Chronic mental stress promotes two powerful processes that promote the angiogenesis critical to tumor growth: increased insulin needs and the heightened angiogenesis propensity described above. These facts, taken together, provide a likely mechanism for why overweight and stressed individuals suffer increased morbidity and mortality from cancer.

The second clue involves the emerging research results that document that the statin drugs lower C-reactive protein levels. Once one recalls the connection between HMG Co A reductase activity and steroid synthesis rates, a more holistic picture emerges. Anything that subdues the ability of the adrenal glands to make steroids, will also diminish the magnitude of cortisol released for a given stressor. In turn, less cortisol release subdues the acute phase reactants' release. C-reactive protein (CRP) is only one of the acute phase reactants. The normalization of acute phase reactants, in the chronic mentally stressed state, leads to less inflammation for the reasons described above.
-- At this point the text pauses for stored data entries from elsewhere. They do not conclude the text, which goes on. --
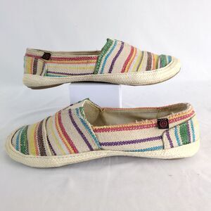 Big Buddha Breeze Women's 9 Striped Canvas Fabric Slip-On Flats Shoes Indie Boho
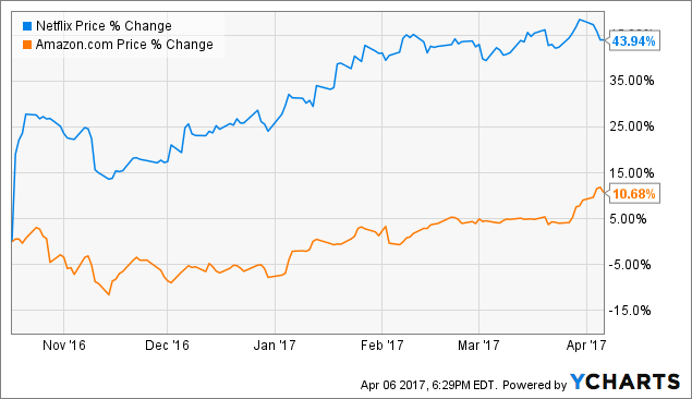 虽然亚马逊在在线视频等媒体领域取得很多进展,但横向来看,奈飞仍然是流媒体之王,从股价上我们就可以看到区别。
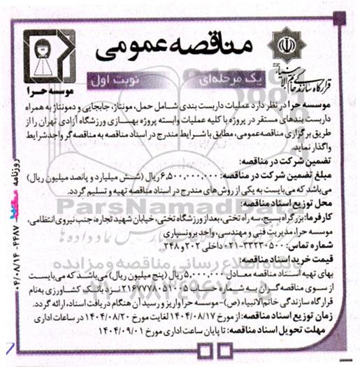 موسسه حرا در نظر دارد عملیات داربست بندی شامل حمل، مونتاژ، جابجایی و دمونتاژ به همراه داربست بندهای مستقر در پروژه با کلیه عملیات وابسته پروژه بهسازی ورزشگاه آزادی تهران را از طریق برگزاری مناقصهعمومی، مطابق با شرایط مندرج در اسناد مناقصه به مناقصه گر واجدشرایط واگذار نماید.
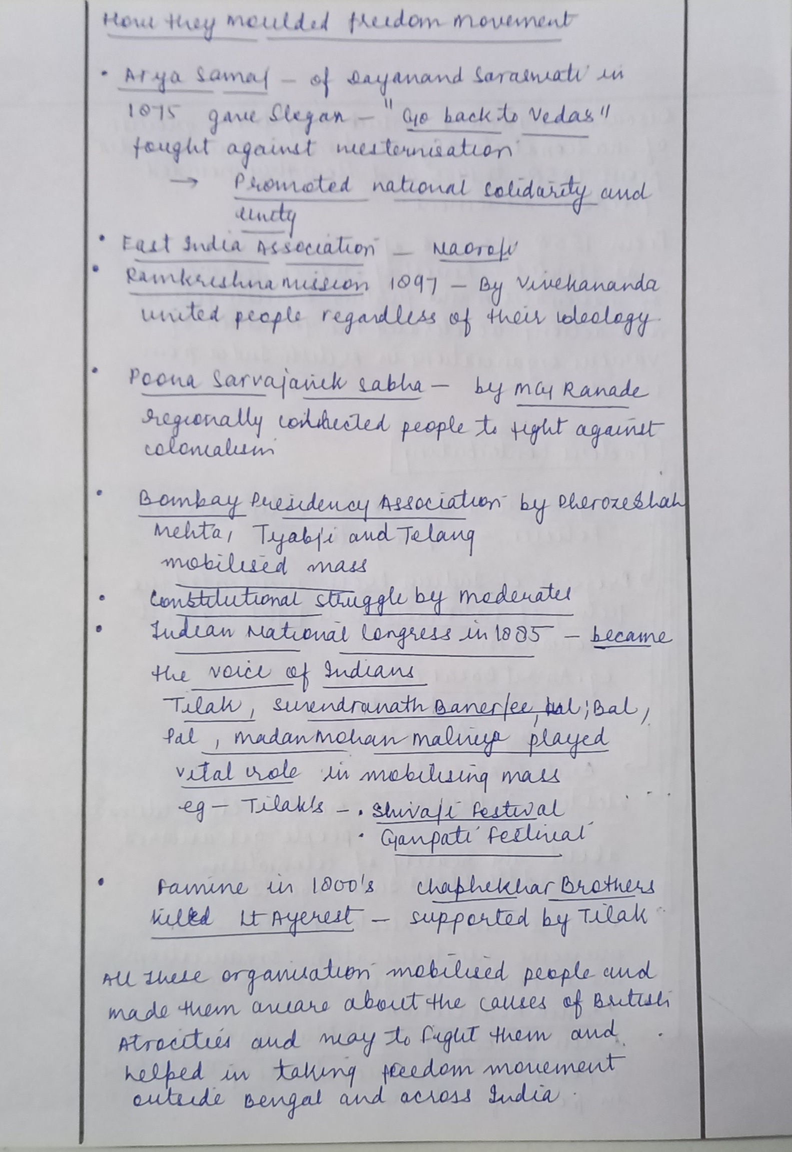 - Impact of International Movements: The growth of nationalist organizations in India was influenced by global movements for freedom and democracy, such as the American Revolution and the French Revolution.
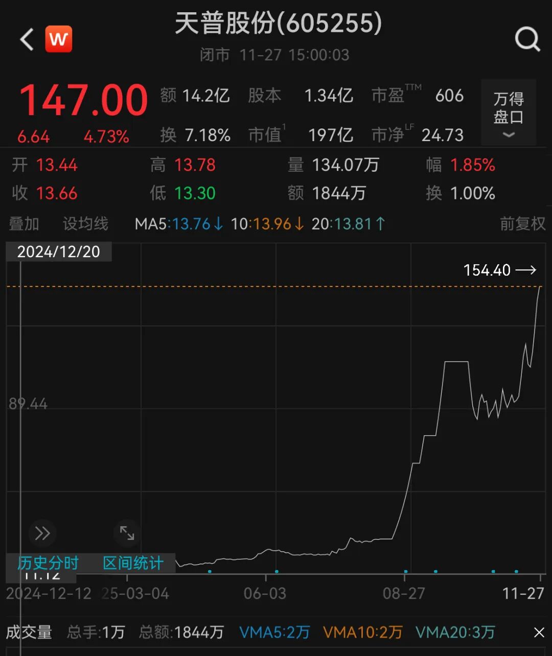 截至今日收盘,天普股份今年以来累计涨幅超1000%。
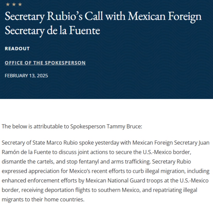 El Secretario de Estado Marco Rubio habló ayer con el Secretario de Relaciones Exteriores de México, Juan Ramón de la Fuente, para discutir acciones conjuntas para asegurar la frontera entre Estados Unidos y México, desmantelar los cárteles y detener el tráfico de fentanilo y armas. El Secretario Rubio expresó su aprecio por los recientes esfuerzos de México para frenar la migración ilegal, incluyendo la intensificación de las medidas de control por parte de las tropas de la Guardia Nacional mexicana en la frontera entre Estados Unidos y México, la recepción de vuelos de deportación al sur de México y la repatriación de migrantes ilegales a sus países de origen", señaló la portavoz Tammy Bruce en una declaración oficial.

These facts initially sound "too good to be true." This old adage once again proves useful because the downside to this scenario provides insight into the advantages of counseling Type A personality owners about the bigger picture of cause and effect relationships.

In order to better appreciate the downside of the statins, one needs to recall the typical body habitus of the Type A personality. The majority of them are large in the waistline, or at the very least, they have increased visceral fat. Currently, a waist measurement above 40 inches is felt to predict these metabolic syndrome types at risk for accelerated aging and blood vessel disease. Over fifty years ago, obese individuals were found to have increased stress steroid metabolites in their urine.